### DATASET EXCERPT
::::

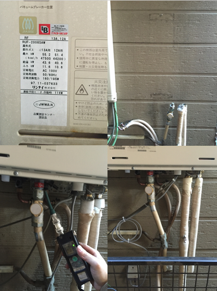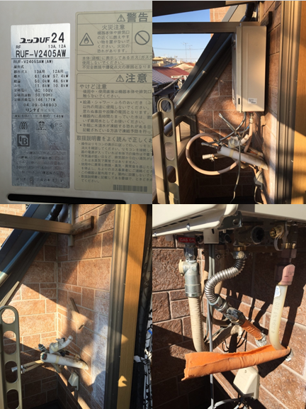 | 備考 | 「給湯器が壊れて困っています。」とのSOSで即日仮設給湯器を設置し、本日既存リンナイRUF-V2405AW(24号フルオート)からリンナイ24号フルオートRUF-A2405AWへの交換となりました。給湯給水管を保温後、配管カバーROP-6101(K)-OPも取付無事完了です。 | |
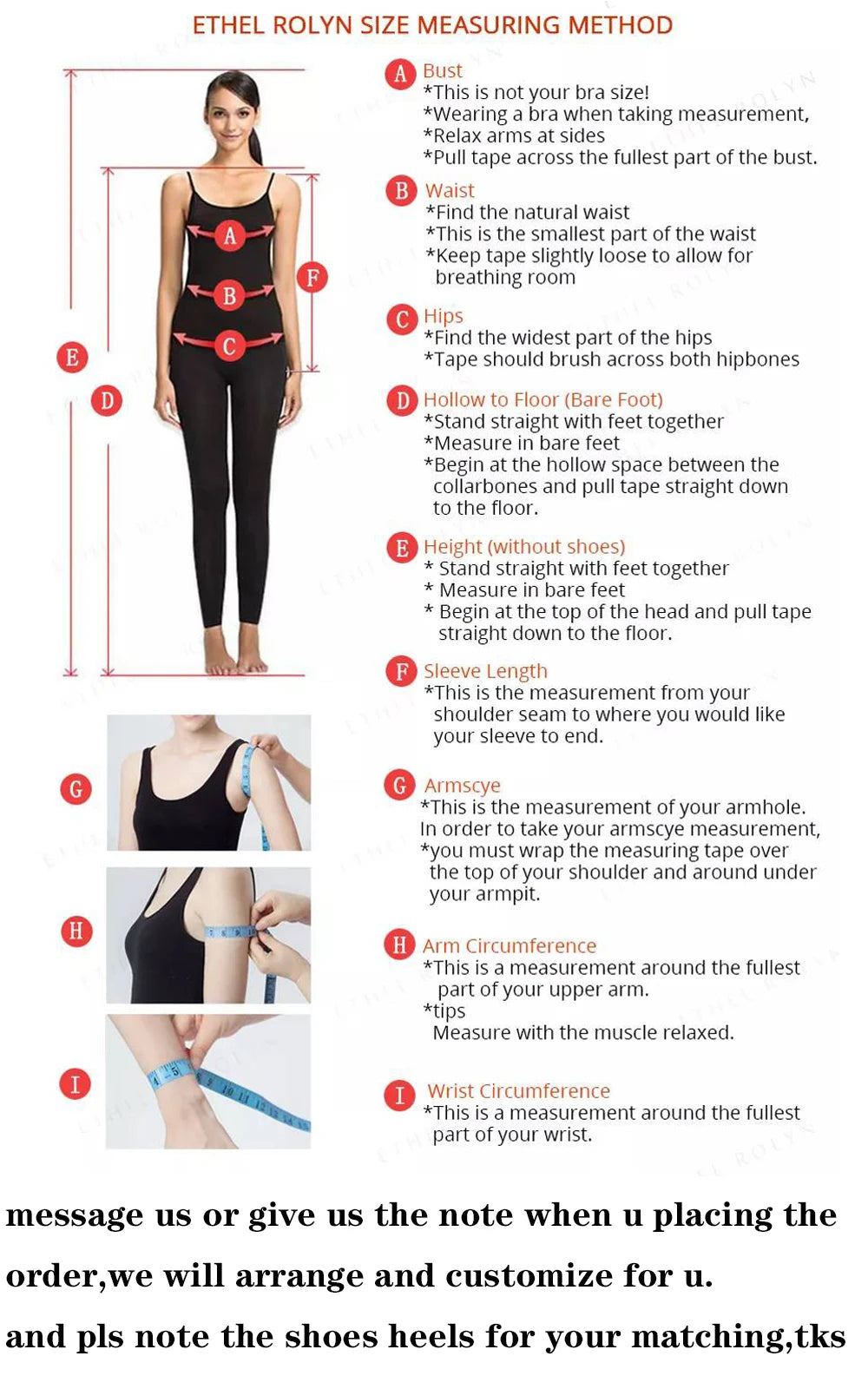 Custom Made Size Please Choose any Size and Leave a Message of Your Following Measurements :
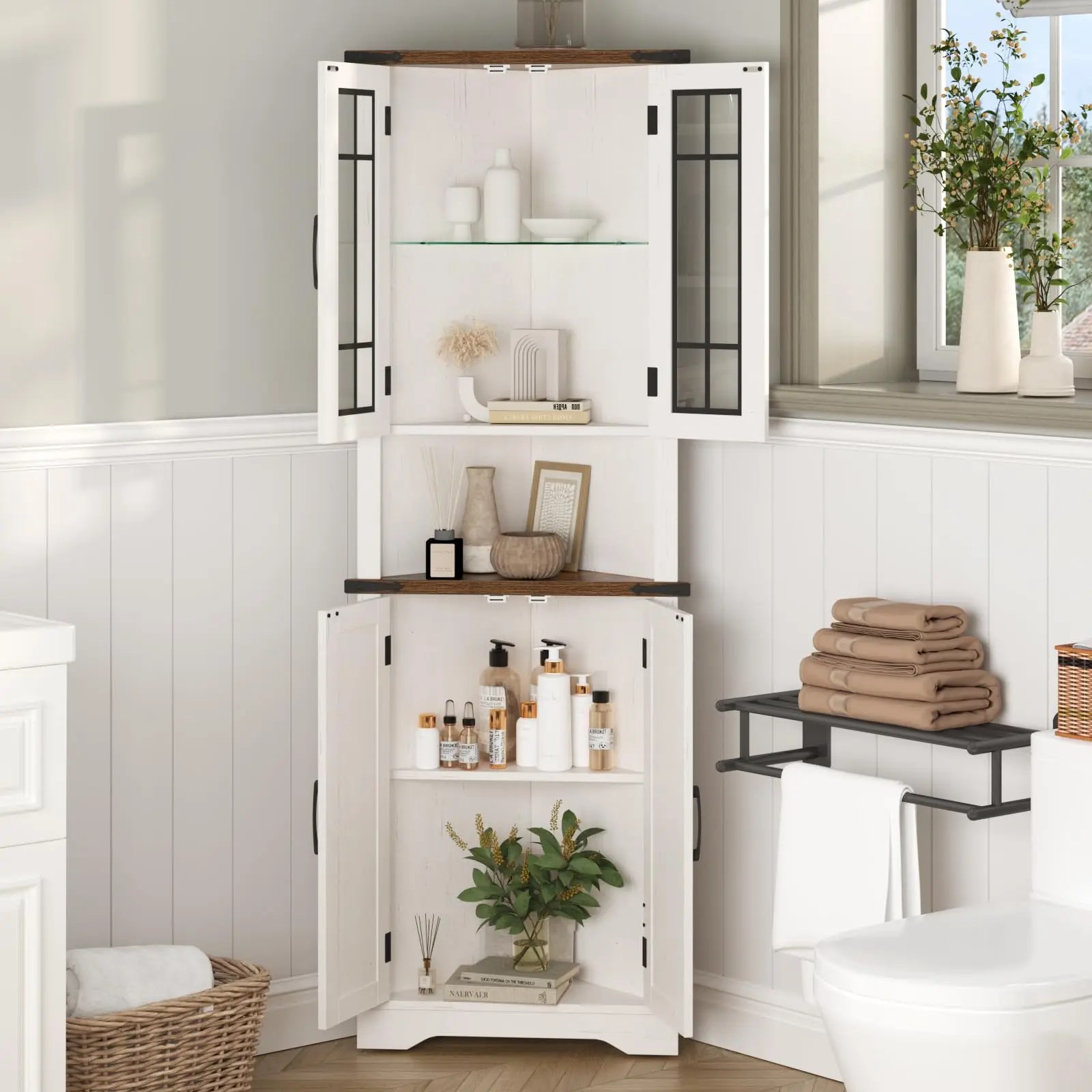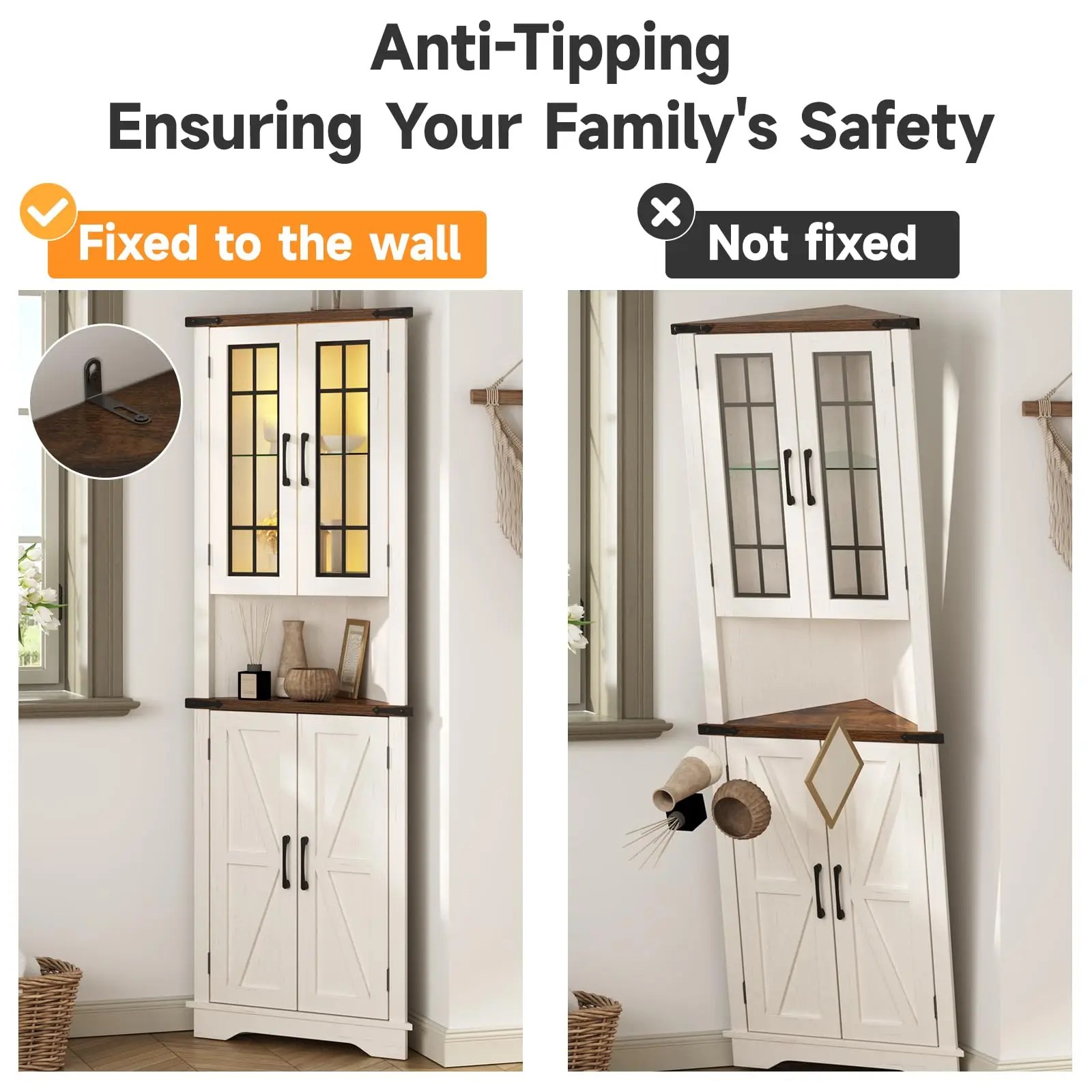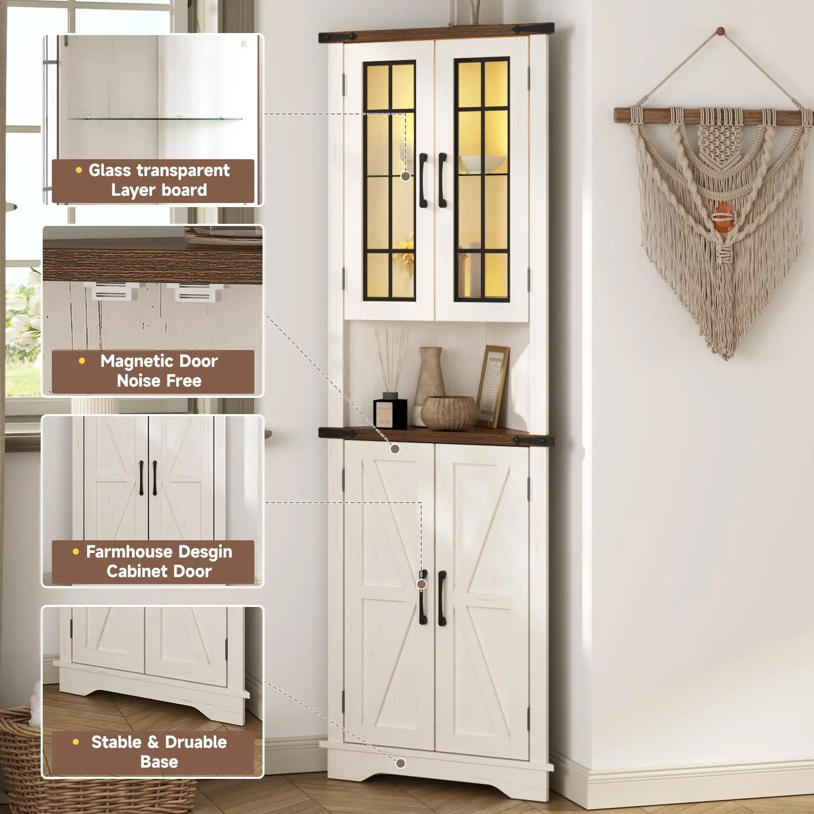Be the first to review “Vabches 68” Tall Corner Cabinet with LED Lights&Glass Door Wooden Storage Cabinet 5-tier Corner Display Cabinet for Living Room” Cancel reply

::::

### ASSIGNMENT
Print every line of the material above exactly as it reads, skipping the pictures.

### EXPECTED OUTPUT
 | 備考 | 「給湯器が壊れて困っています。」とのSOSで即日仮設給湯器を設置し、本日既存リンナイRUF-V2405AW(24号フルオート)からリンナイ24号フルオートRUF-A2405AWへの交換となりました。給湯給水管を保温後、配管カバーROP-6101(K)-OPも取付無事完了です。 | |
 Custom Made Size Please Choose any Size and Leave a Message of Your Following Measurements :
Be the first to review “Vabches 68” Tall Corner Cabinet with LED Lights&Glass Door Wooden Storage Cabinet 5-tier Corner Display Cabinet for Living Room” Cancel reply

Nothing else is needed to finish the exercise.